Впервые в жизни Савка видит, что звёзды разноцветные. Есть белые, зеленоватые, голубоватые, как лезвие ножа, когда его только что наточил на наждачном круге точильщик.
Савка смотрит затаив дыхание, точно звёзды можно вспугнуть и они разбегутся. На столе стакан с водой, там тоже купается отражение звезды. Качается и не тонет. А отец обещал этим летом научить лежать на воде на спинке. Так можно и Волгу переплыть, и даже море… Полежал, отдохнул и опять поплыл… Сказал, что научит, — когда же? Вот уж и лето скоро кончится. Отец говорил, что вернётся через две недели, а прошло два месяца. Где он? Что с ним случилось?
— Сева, ты спишь?
— Сплю!
— Сева, почему отец не возвращается?
Сева не отвечает.
Савка лежит с полузакрытыми глазами, и в полусне перед ним проплывает вся его жизнь… Первая встреча с Ильёй Фаддеевичем, которая запомнилась навсегда. День отъезда из детского дома…

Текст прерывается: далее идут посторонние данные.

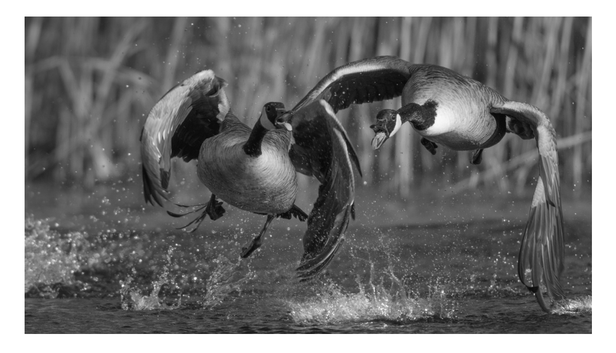
1st Place Best of N4C Digital Black & White

Поезд из Кирова отходит рано утром. За окнами лес. Покачиваются медные стволы сосен, с зелёных лап елей падают хлопья снега, испуганная белка перепрыгивает на соседнее дерево и исчезает в столетнем бору. На опушке выглядывают из сугробов ёлочки. Заячий след лёгкой штриховкой вьётся вдоль пути. Вот заяц остановился — след чуть поглубже. Постоял, прислушиваясь, и, присев на задние лапки, изо всех сил оттолкнувшись от снежного наста, прыгнул.
— Вон он где опустился, смотрите скорее! Вон у той сосны. И пошёл петлять. А наперерез ему темнеют на снегу следы гончей и лыжня…
Илья Фаддеевич рассказывает, а Сава с Ромой слушают.
— А что с зайкой будет? — еле слышно спрашивает Рома.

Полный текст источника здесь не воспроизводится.